Nonlinear dynamic response of R/C buildings strengthened with novel stud-typed seismic control system using non-buckling slit damper

Abstract

This study proposed a new stud-type seismic control system using a Non-buckling Slit Damper (NBSD), which overcomes weaknesses of existing seismic control systems and can be effectively applied to reinforced concrete (R/C) buildings, and performed a material test to evaluate the material performance and energy dissipation capacity of NBSD. A pseudo-dynamic test was performed on a full-size two-story frame specimen based on non-seismic detailed R/C buildings, thereby demonstrating the seismic strengthening effect or, specifically, the restoring force, energy dissipation capacity, and seismic response control of the proposed stud-type seismic control system when applied to existing R/C frames.

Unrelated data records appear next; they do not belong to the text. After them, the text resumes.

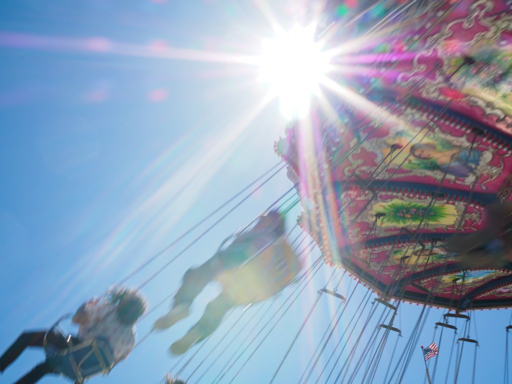 Posted on August 30, 2022 by word problemSmall Flag, Big Sun #countyfair #summersend #californiasummer #waverider #midway #midwayride #carnivalride #freebird Share this: Click to share on X (Opens in new window) X Click to share on Facebook (Opens in new window) Facebook Like Loading...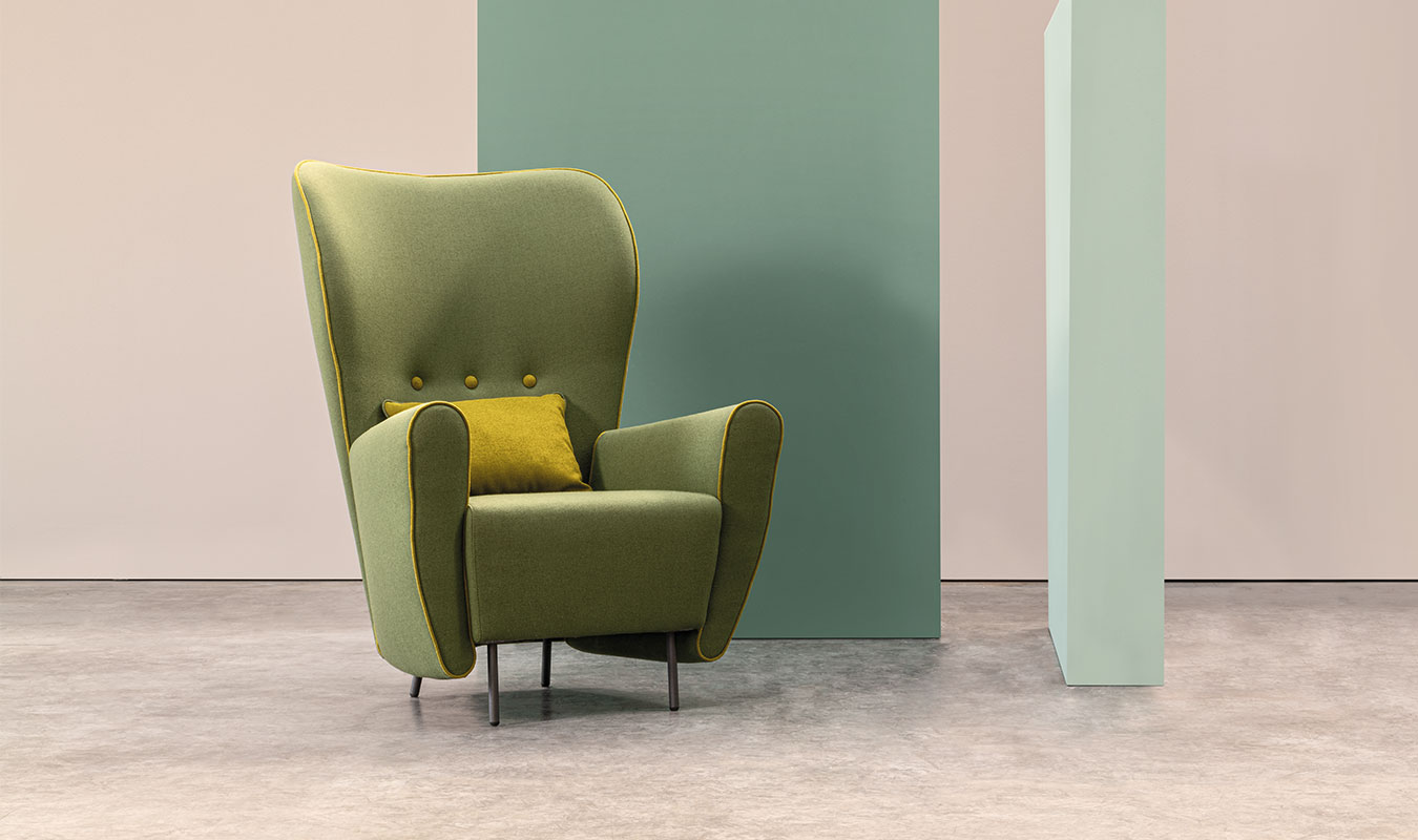 Fabrics combined with hammered and galvanised bronze-effect metal feet make Wes an elegant and sophisticated armchair. The voluptuous shapes are emphasised by elegant piping.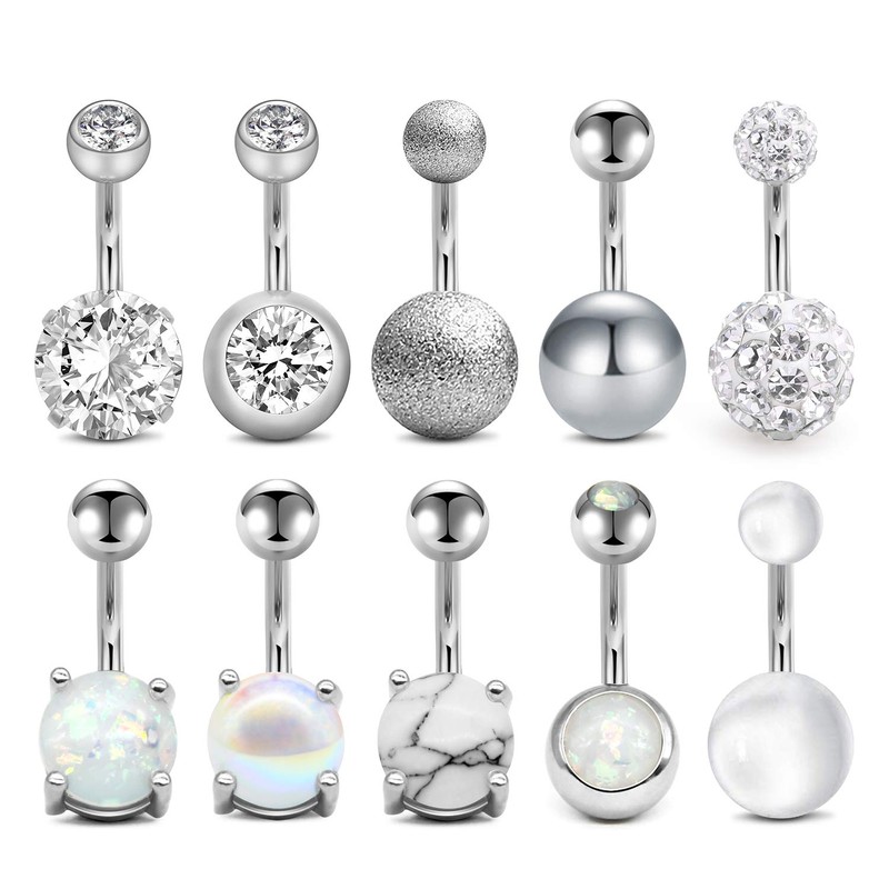 VCMART 8-10pcs Belly Button Rings 8mm Navel Bars Set Stainless Steel 14G Silver Rosegold Piercing Opal Crystal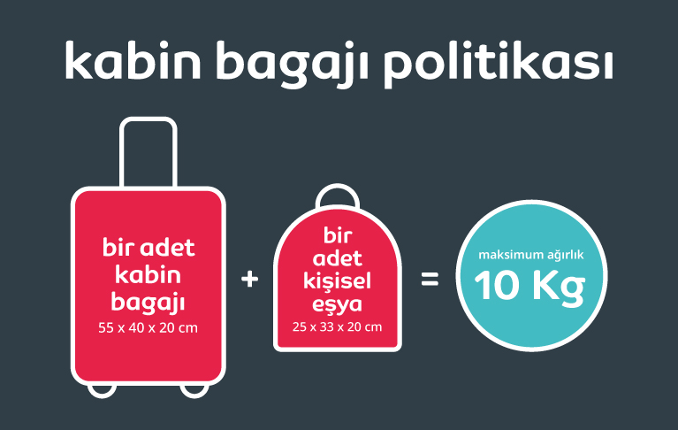 Kabin Bagajı için izin verilen toplam ağırlık 10 Kg'dır. Bu, el çantası, kişisel eşya ve gümrüksüz alışverişleri içerir.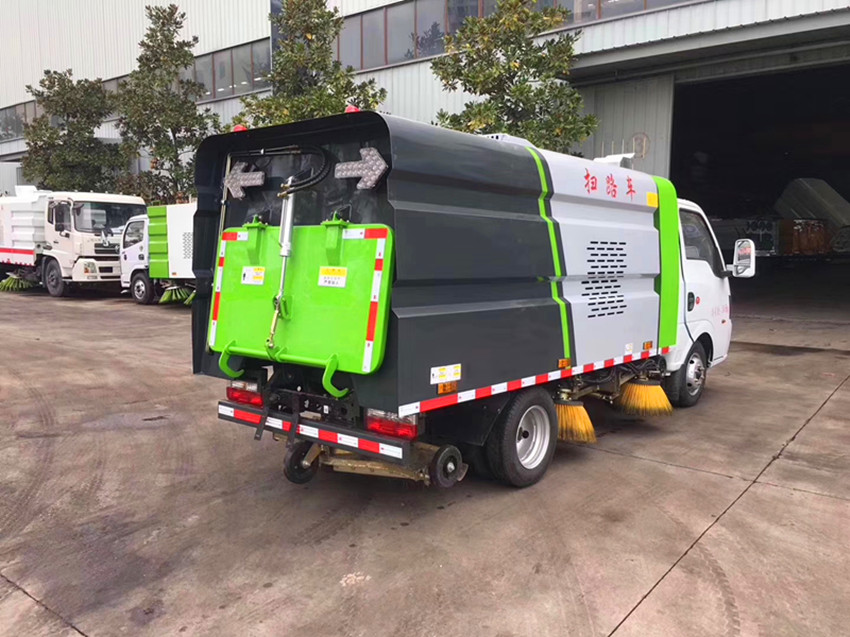 1. 采用吸掃混合的方式收集垃圾,濕式除塵、電液控制,液壓傾翻卸料的作業(yè)方式對(duì)路面進(jìn)行清掃作業(yè)。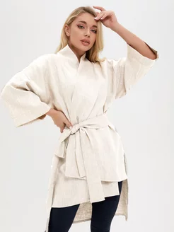 Удлиненный жакет Кимоно Лён на запах оверсайз на поясе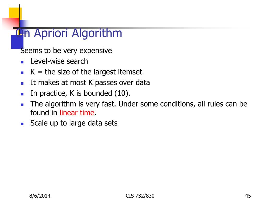 On Apriori Algorithm Seems to be very expensive • Level-wise search • K = the size of the largest itemset • It makes at most K passes over data • In practice, K is bounded (10). • The algorithm is very fast. Under some conditions, all rules can be found in linear time. • Scale up to large data sets CIS 732/830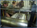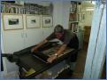 Wer dann noch erlebte, wie Manuel Knortz und Reinhard Scheuble bei den Vorbereitungen und dem eigentlichen Drucken eines Holzschnittes miteinander arbeiteten oder wie Gisela Mott-Dreizler mit Unterstützung ihres Mannes einen Dreifachdruck fertigte, mit welcher Hingabe und Sorgfalt sowie scheinbarer Leichtigkeit das alles geschah, der nahm auch gedanklich einen bleibenden Kunsteindruck vom Druckhandwerk mit.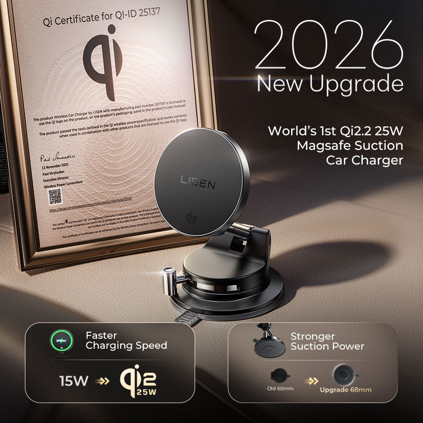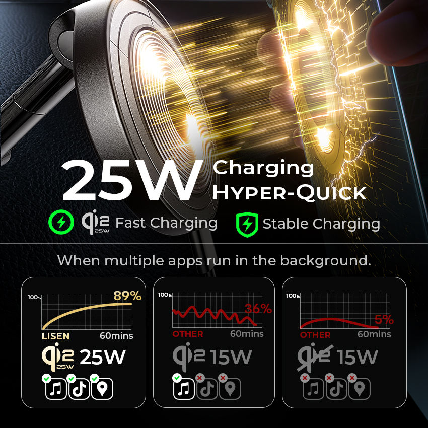 LISEN Qi2 Chargeur de Voiture Magnétique à Ventouse 25W

The results of the material test and pseudo-dynamic test were utilized to propose restoring force properties for nonlinear dynamic analysis of the frame specimen. Nonlinear dynamic analysis was carried out based on the proposed restoring force properties, and results were analyzed against the results of the pseudo-dynamic test. For the purpose of commercialization, nonlinear dynamic analysis was performed on non-seismic detailed R/C buildings strengthened with the proposed NBSD stud-type seismic control system; the seismic strengthening effect was verified through a before-and-after comparison of seismic response load, displacement, energy dissipation capacity, damper load, and displacement response. During an earthquake with a peak ground acceleration of 200 cm/s2, non-seismic R/C frames were expected to undergo shear failure, while frames strengthened using the NBSD stud-type seismic control system would have light damage. Even when the most severe earthquake possible in Korea was assumed (300 cm/s2), the NBSD stud-type seismic control system was found to be effective in minimizing damage.